Unless the note is rendered nonnegotiable, either by the recital of the consideration or by the fact that it is payable to, and assigned by, Hazlett in the capacity of trustee, and the defense of equities thereby let in, there is nothing in the plea or its exhibits which is sufficient to affect plaintiff with such notice as to let them in. The note is payable at the National Exchange Bank, and is negotiable in form. The recital of the consideration for which it was given does not render it nonnegotiable; neither does it put plaintiff upon notice of defendants' equities, there being nothing to indicate a failure of the consideration, either in whole or in part.

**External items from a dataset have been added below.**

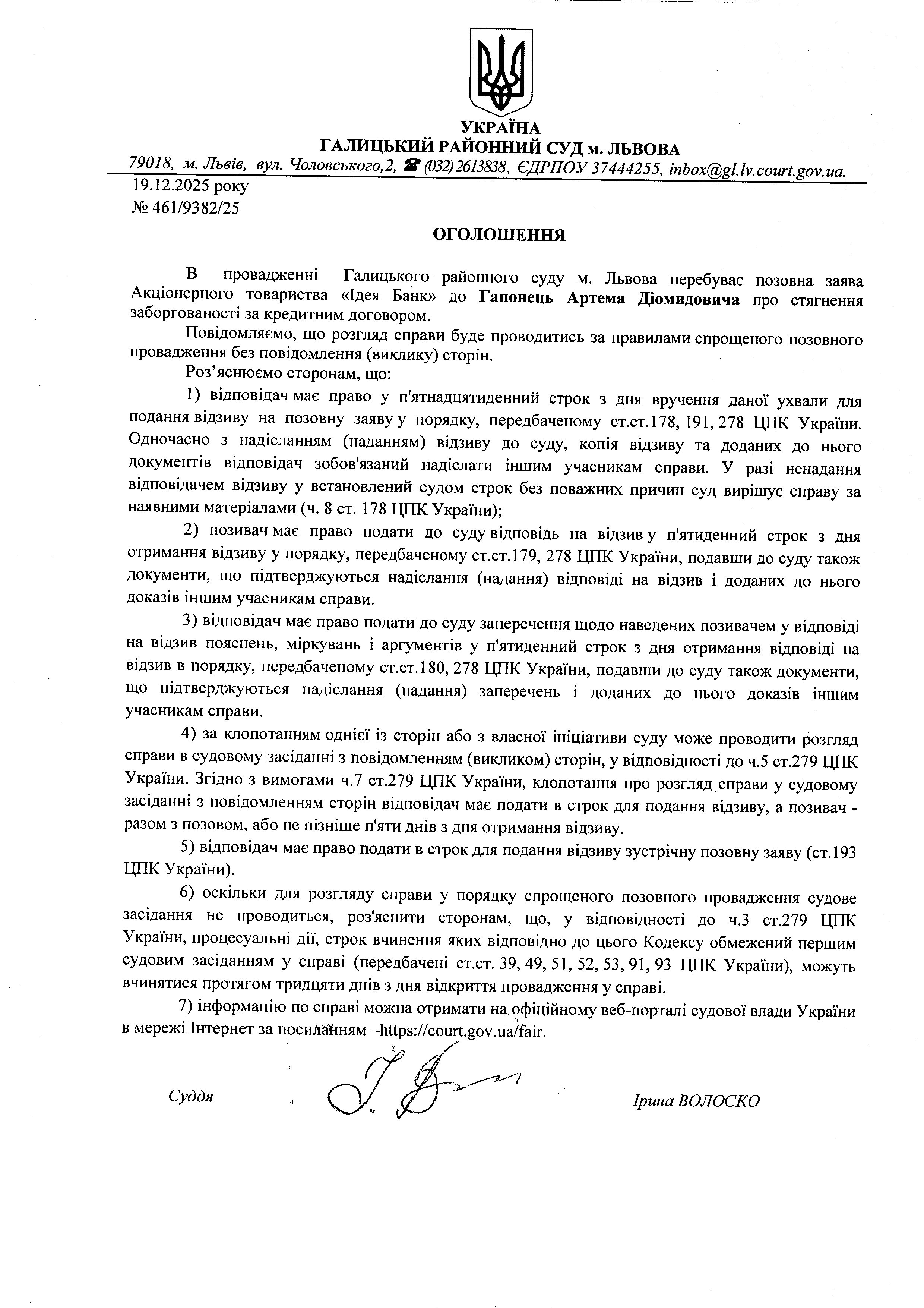 оголошення про виклик Гапонець А.Д.
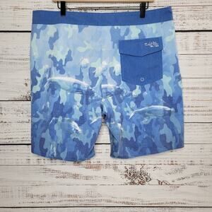 Salt Life Men's Houdini Board Shorts Blue Shark Camo | 38 Waist
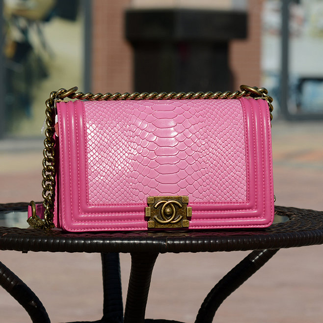 Boy Chanel Flap Shoulder Bag Snake stripes Sheepskin Leather A67025 Rose
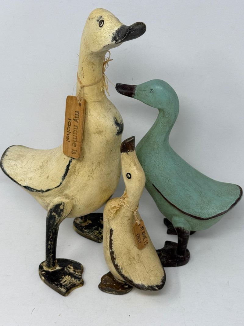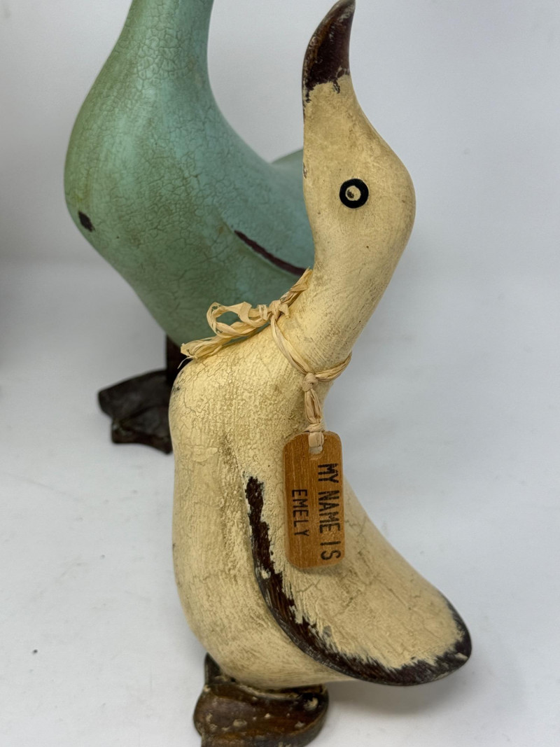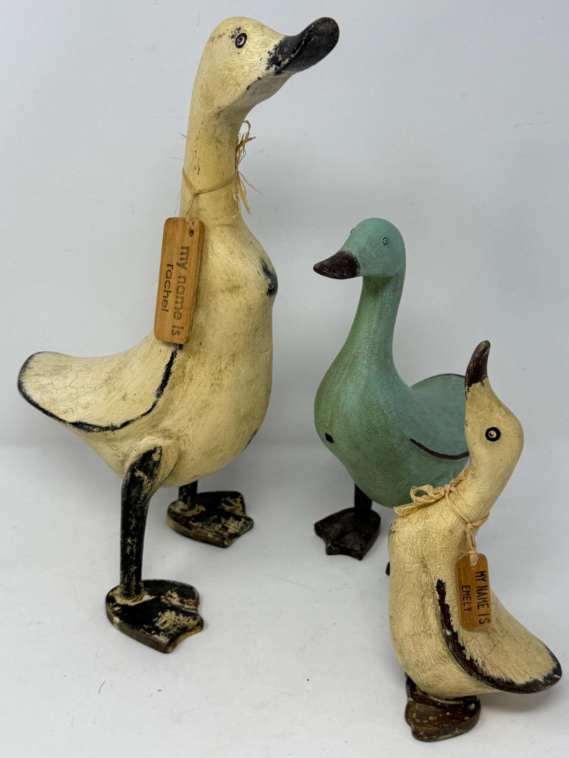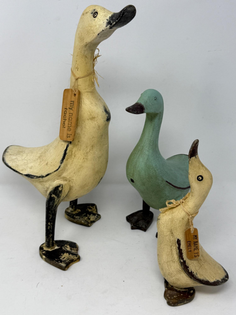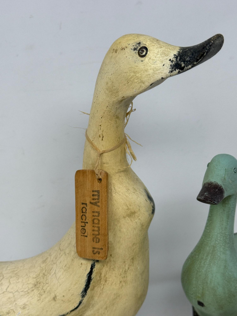 Composite geese with name tags.

The equities between the makers and the payee are secret, or latent, and there is nothing to affect the assignee with notice of their existence. A negotiable note, reciting that it is for the purchase price of a horse, a house, or lands, does not render it uncertain, and is no notice whatever to the assignee that the payee's title to the property will fail. 1 Daniel on Neg. Inst., § 797; 7 Cyc. 947. In fact, we know of but one court which has taken a different view, and that is the Supreme Court of North Carolina, in the case of Howard v. Kimball, 65 N.C. 175, 6 Am.Rep. 739. But that decision has been criticised by text-writers, and seems to be generally regarded as unsound; it is not followed by other courts. Daniel, in his excellent work on Negotiable Instruments, vol. 1, § 797, says: "The mere statement of the consideration in a bill or note does not put the holder upon inquiry whether or not it really passed, or has failed in any respect. It is rather assuring than otherwise, for it is evidence, if the note be genuine, that it was given for value; and the specification of what value can no more challenge the holder's investigation than the omission of such specification. In legal effect it does not qualify the paper in any manner."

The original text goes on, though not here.